Removed option --device-as-default-execution-space from nvrtc for hiprtc compatibility. As a result, added __device__ back to DECLSPEC.
Removed option --restrict from nvrtc compile options since we actually alias some buffers.
Added --gpu-max-threads-per-block to hiprtc options.
Added -D MAX_THREADS_PER_BLOCK to OpenCL options (currently unused).
Removed all OPTS_TYPE_MP_MULTI_DISABLE entries for SNMPv3-based plugins.
These plugins consume large amounts of memory and for this reason,limited kernel_accel max to 256. This may still be high, but hashcat will automatically tune down kernel_accel if insufficient memory is detected.
Removed command `rocm-smi --resetprofile --resetclocks --resetfans` from benchmark_deep.pl, since some AMD GPUs become artificially slow for a while after running these commands.
Replaced load_source() with file_to_buffer() from shared.c, which does the exact same operations.
Moved suppress_stderr() and restore_stderr() to shared.c and reused them in both Python bridges and opencl_test_instruction(), where the same type of code existed.
Previously, the bridge loaded user source files as Python modules, which required stripping extensions and could lead to confusing name conflicts.
Now, it loads them as regular Python scripts, which is more intuitive and aligns better with user expectations.
Add hipDeviceProp_t and bindings for hipGetDeviceProperties(), hipGetDeviceProperties is required to retrieve gcnArchName[].
Add gcnArchName[] to select the correct --gpu-architecture value for a specific device when using hiprtc.
Include sm_major and sm_minor for CUDA and gcnArchName for HIP in the kernel filename hash.
Update nvrtc_options[] and hiprtc_options[] to avoid unused variables, eliminating the use of --restrict as a placeholder and preventing nvrtc from aborting.
Add check_file_suffix() and remove_file_suffix() helper functions.
Add MAX_THREADS_PER_BLOCK macro to CUDA kernels. It defaults to 1024 or a lower value if limited by the plugin module or specified via the -T command line option.
For CUDA, lower the C++ dialect from C++17 to C++14 to reduce JIT compile time. Also add support for --split-compile and --minimal flags to further improve NVRTC compile performance.
Remove power-hungry NVIDIA settings and fix missing sudo calls in tools/benchmark_deep.pl.
Remove NEW_SIMD_CODE macro from kernels that do not support SIMD (no u32x).
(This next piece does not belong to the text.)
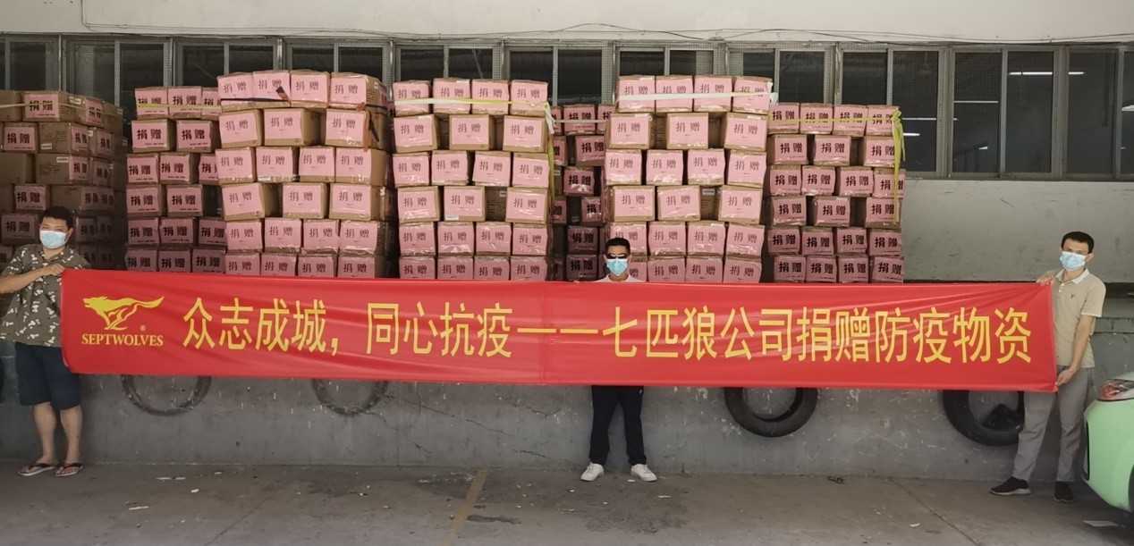 作為一家具有社會(huì)責(zé)任的上市企業(yè),七匹狼又一次以實(shí)際行動(dòng)詮釋民族品牌的責(zé)任擔(dān)當(dāng)。作為閩商代表的七匹狼董事長(zhǎng)周少雄垂先率范,果斷發(fā)聲,他表示:“七匹狼將繼續(xù)關(guān)注疫情,協(xié)同社會(huì)共同抗疫,永不放棄,守護(hù)好每一位員工,我們相信福建疫情終將過(guò)去,我們有信心也有決心,也將和所有的狼族伙伴、和前線(xiàn)的醫(yī)護(hù)人員們一同共克時(shí)艱?!逼咂ダ屈h委書(shū)記吳興群也第一時(shí)間作出工作部署,及時(shí)組織防疫物資生產(chǎn)及供應(yīng)配送。2021年9月21日,七匹狼向廈門(mén)市翔安區(qū)、晉江市金井鎮(zhèn)政府、公安干警、防控辦、醫(yī)護(hù)人員捐贈(zèng)醫(yī)用一次性防護(hù)服、隔離衣、一次性使用醫(yī)用口罩、醫(yī)用外科口罩、N95防護(hù)口罩等防疫必需用品,將點(diǎn)滴溫暖匯成大愛(ài)江河,為抗疫精神寫(xiě)下了最生動(dòng)的注腳。

The workaround using EXTRA_SIZE should no longer be needed, so we disable it for now and monitor for any issues with memory allocation.
Fixed a bug where a scrypt-based algorithm on an API would require only a single work item, resulting in size_extra_buffer4 being zero, which fails on OpenCL since it does not allow zero-byte allocations.
Ignore TMTO increase on low scrypt configurations if the R value is higher than 1.